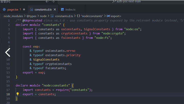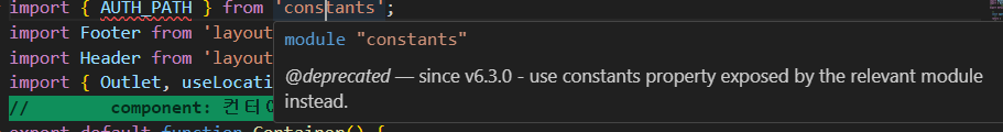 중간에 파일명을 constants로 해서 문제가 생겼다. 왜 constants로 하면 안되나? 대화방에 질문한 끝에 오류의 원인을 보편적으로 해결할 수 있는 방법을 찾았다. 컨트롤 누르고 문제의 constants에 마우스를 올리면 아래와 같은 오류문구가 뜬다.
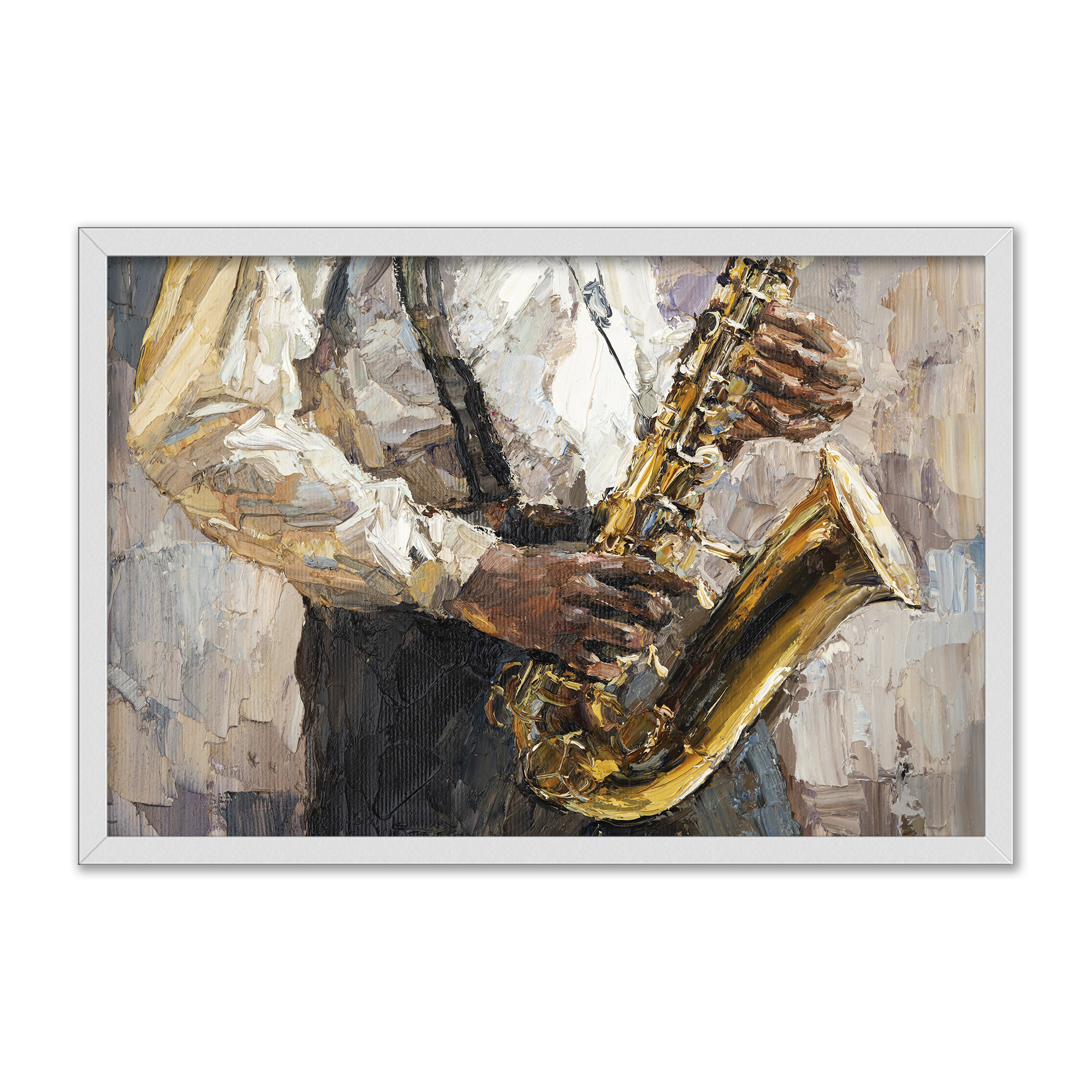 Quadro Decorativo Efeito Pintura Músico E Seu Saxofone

---

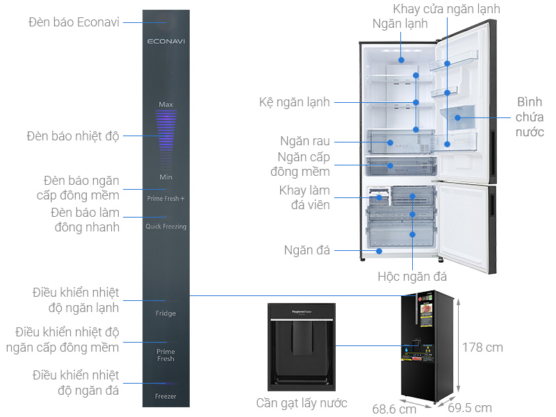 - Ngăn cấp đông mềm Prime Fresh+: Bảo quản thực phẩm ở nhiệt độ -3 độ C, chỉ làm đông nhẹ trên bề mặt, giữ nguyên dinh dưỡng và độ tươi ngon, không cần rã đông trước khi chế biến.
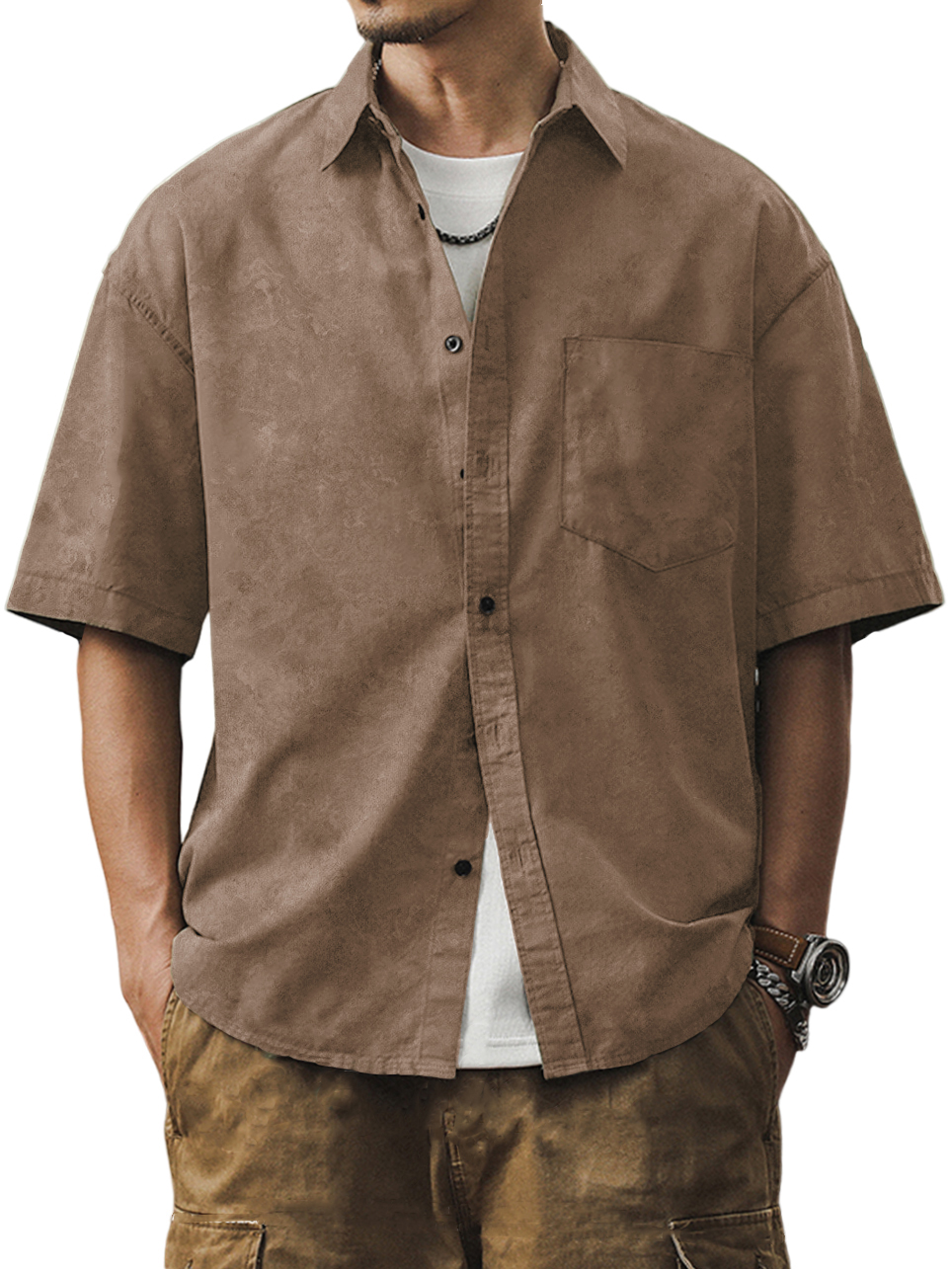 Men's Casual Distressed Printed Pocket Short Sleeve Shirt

▶ **EXERCISE REQUIREMENTS**
Repeat exactly the lines above, beginning at the one containing "중간에 파일명을 constants로" and ending at the one containing "Quadro Decorativo Efeito". Do not carry over any pictures.

▶ **EXERCISE OUTPUT**
 중간에 파일명을 constants로 해서 문제가 생겼다. 왜 constants로 하면 안되나? 대화방에 질문한 끝에 오류의 원인을 보편적으로 해결할 수 있는 방법을 찾았다. 컨트롤 누르고 문제의 constants에 마우스를 올리면 아래와 같은 오류문구가 뜬다.
 Quadro Decorativo Efeito Pintura Músico E Seu Saxofone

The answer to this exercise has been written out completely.